Matheus Gonche

Personal information
- Full name: Matheus Ferreira de Moraes Gonche
- Nationality: Brazil
- Born: 5 January 1999 (age 27) Resende, Brazil
- Height: 1.82 m (6 ft 0 in)
- Weight: 83 kg (183 lb)

Sport
- Sport: Swimming
- Strokes: Butterfly

Medal record
Representing Brazil
South American Games
| Gold medal – first place | 2022 Asunción | 100 m butterfly |
| Gold medal – first place | 2022 Asunción | 4x100 m medley |
| Silver medal – second place | 2022 Asunción | 200 m butterfly |
| Bronze medal – third place | 2018 Cochabamba | 100 m butterfly |
World University Games
| Bronze medal – third place | 2021 Chengdu | 4×200 m freestyle |

= Matheus Gonche =

Brazilian swimmer (born 1999)

Matheus Ferreira de Moraes Gonche (born 5 January 1999) is a Brazilian swimmer.

==Career==

At the 2018 South American Games, Gonche won a bronze medal in the 100m butterfly.

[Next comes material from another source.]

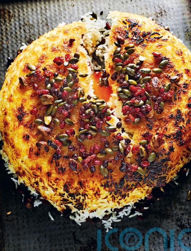 5. Just before serving, dig up a small well in the top of the rice and gently add the egg yolks. Cover the yolks with the rice and, using a plate where the lid once was, invert the rice carefully on to a plate. Serve immediately with the rest of the pumpkin seeds, pistachios, raisins and barberries scattered over the top.
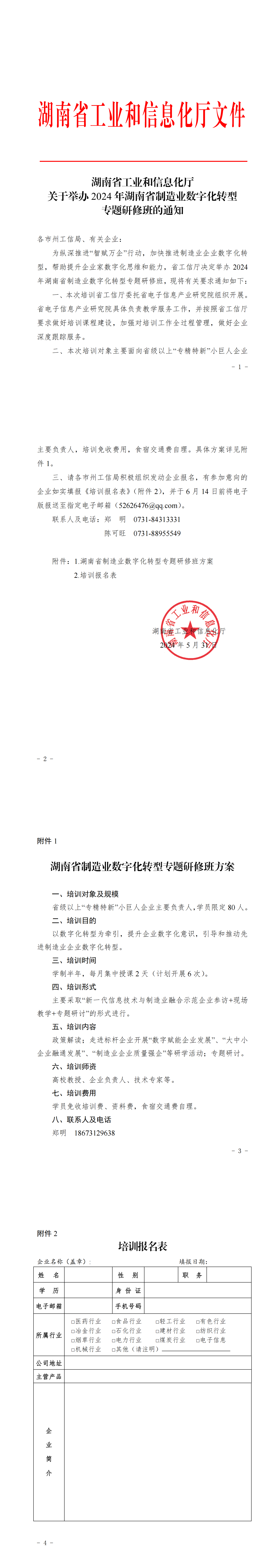 关于举办2024年湖南省制造业数字化转型专题研修班的通知

He competed in the 2020 Summer Olympics, where he finished 43rd in the Men's 100 metre butterfly.

At the 2021 Summer World University Games, he won a bronze medal in the 4x200m freestyle relay.

At the Maria Lenk Trophy held in April 2022, he achieved the marks of 51.60 in the 100 m butterfly and 1:56.30 in the 200 m butterfly. With this, he was not only Brazilian champion in both events, but was ranked 7th in the world rankings in both events at that time.

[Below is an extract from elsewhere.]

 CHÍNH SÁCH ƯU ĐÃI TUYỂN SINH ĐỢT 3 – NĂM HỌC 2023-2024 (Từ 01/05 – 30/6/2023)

He was at the 2022 World Aquatics Championships held in Budapest, Hungary, where he finished 10th in the Men's 4 × 100 metre medley relay, along with João Gomes Júnior, Guilherme Basseto and Luiz Gustavo Borges., 18th in the Men's 100 metre butterfly and 33rd in the Men's 200 metre butterfly.

Gonche won three medals at the 2022 South American Games: gold in the 100m butterfly and the 4x100m medley, and silver in the 200m butterfly.

At the 2023 Pan American Games, he finished 10th in the 200m butterfly.

At the 2024 World Aquatics Championships, Gonche reached a World Championship semifinal for the first time. He finished 13th in the 100 metre butterfly, with a mark of 52.12. He also finished 20th in the 200 metre butterfly.